Btw, all that stock the manufacturer had to keep for repairing stuff for right-to-repair ... you know where any excess is going when it's not needed AND the accountants can write it off? Straight to landfill. To me, refunding the customer seems preferable.

So again, right-to-repair MIGHT reduce e-waste, it will certainly not eliminate it.

>You're also looking at this very myopically through a specific tech industry lens and ignoring one of the main motivations of the right to repair: super expensive farm equipment. John Deere has a stranglehold on farmers who tend to be very DIY, and this has been driving up their costs and sometimes even driving them out of business because they can't access service or parts at affordable prices, and they can't repair the devices themselves. Breaking this stranglehold would be huge. This is why I caveated my initial post with "won't ever work for something like a consumer phone". Is John Deere one of the main motivations now? That's not what I've observed in media. Maybe that's where it started, but it has grown to encompass many more devices like a mobile phone.

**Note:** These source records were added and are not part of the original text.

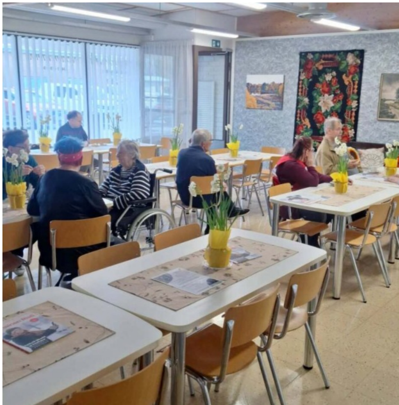
Kuva 4. Ensimmäinen Nakkilan ystäväkahvila 11.4.2025.

Ystäväkahvila yhdistää kohtaamispaikkatoiminnan, edistää osallisuutta, ehkäisee yksinäisyyttä ja lisäksi edistää terveyttä. Kahvila kuuluu ystävätoiminnan, terveyden edistämisen, mutta myös kokonaisvalmiuden alle osaston toiminnassa.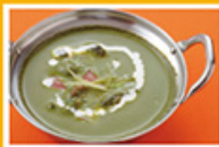
⑤⑥ バラクチキン 899円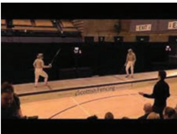
شکل ۱۴-۸ - سالن شمشیر بازی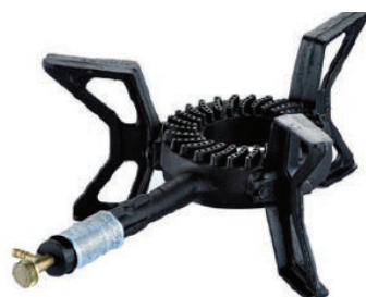
(Abb. ohne ZS)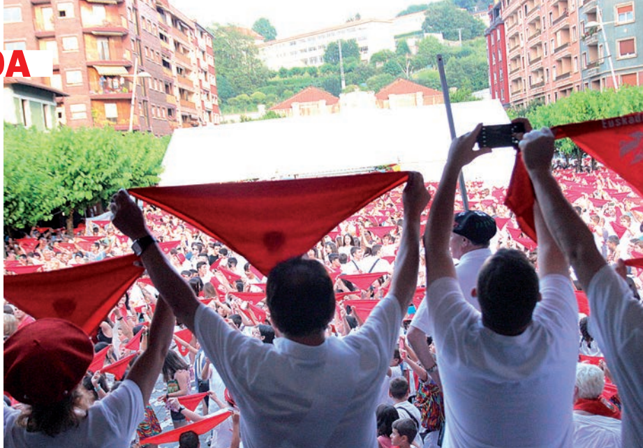
Asteazkeneko 20:00etan izango da txupinazoa, aurtien Biteri plazan. Olaia Gerendiain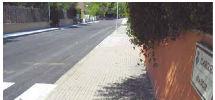
Acabar la urbanització del carrer era un compromís del govern municipal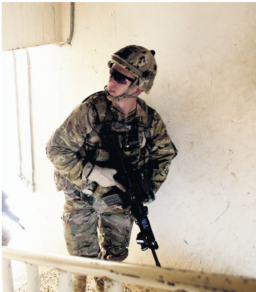
Danske soldater i Helmand i færd med at undersøge en bygning. Det er ofte yderst sparsomt, hvad Forsvaret har fortalt, når civile afghanere er blevet dræbt af danskere. Information genfortæller her en sag, hvor flere familiemedlemmer døde efter et dansk morterangreb mod en gård.

in the sky, men vi kan ikke se, hvem der befinder sig inde i bygningerne.»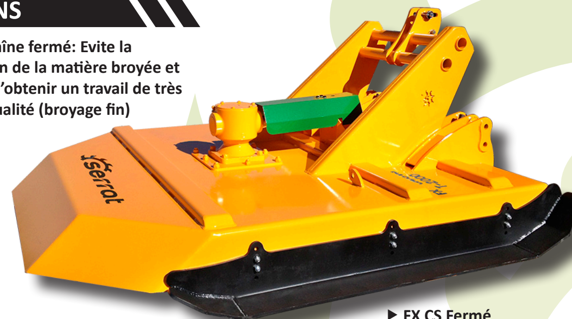
▶ FX CS Fermé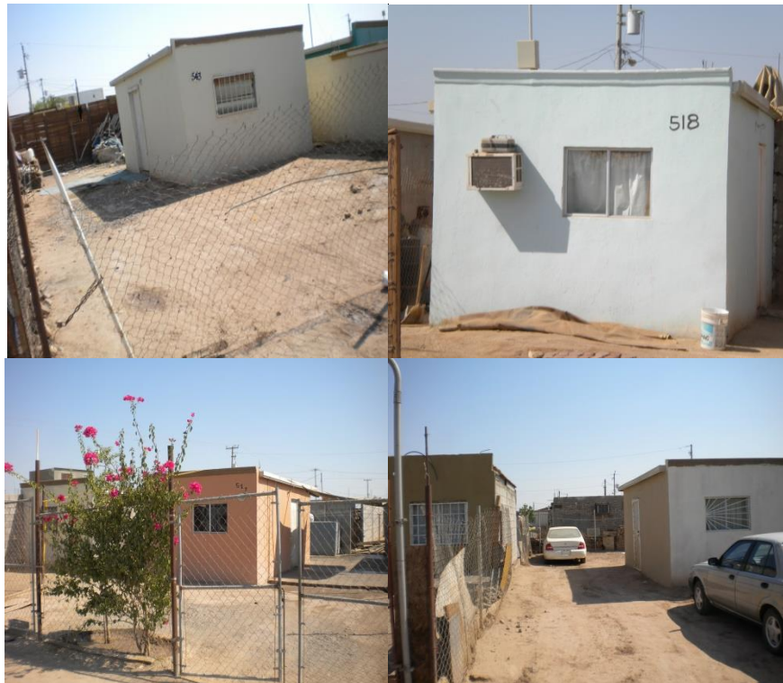
Figura 4. Viviendas sin ampliaciones.

I have many four letter words for John Deere and it is not an industry I have worked in. But again I think a solid, compulsory, no carve outs, warranty would help immensely. Personally I think 25 years is fair for a tractor. Maybe slap in a SLA too like 1 week maximum time to repair. Do that and now you've just made all the issues, with spare part costs, reliability, distribution, inventory, a 3rd party repair network, fabrication by authorised 3rd parties etc. you've made it ALL John Deere's problem. All those managers, lawyers and bean counters will suddenly be driving the engineers and ops people in a direction that (IMO) is fair to the consumer. And don't worry they'll be just fine. They'll rejig those spreadsheets and solve the problem VERY quickly.

They will kick and scream but you've given them very little leeway AND you've given politicians and advocates an easy moral argument: "We think 25 years is fair, especially since there are tractors that are 100+ years old that STILL work just fine."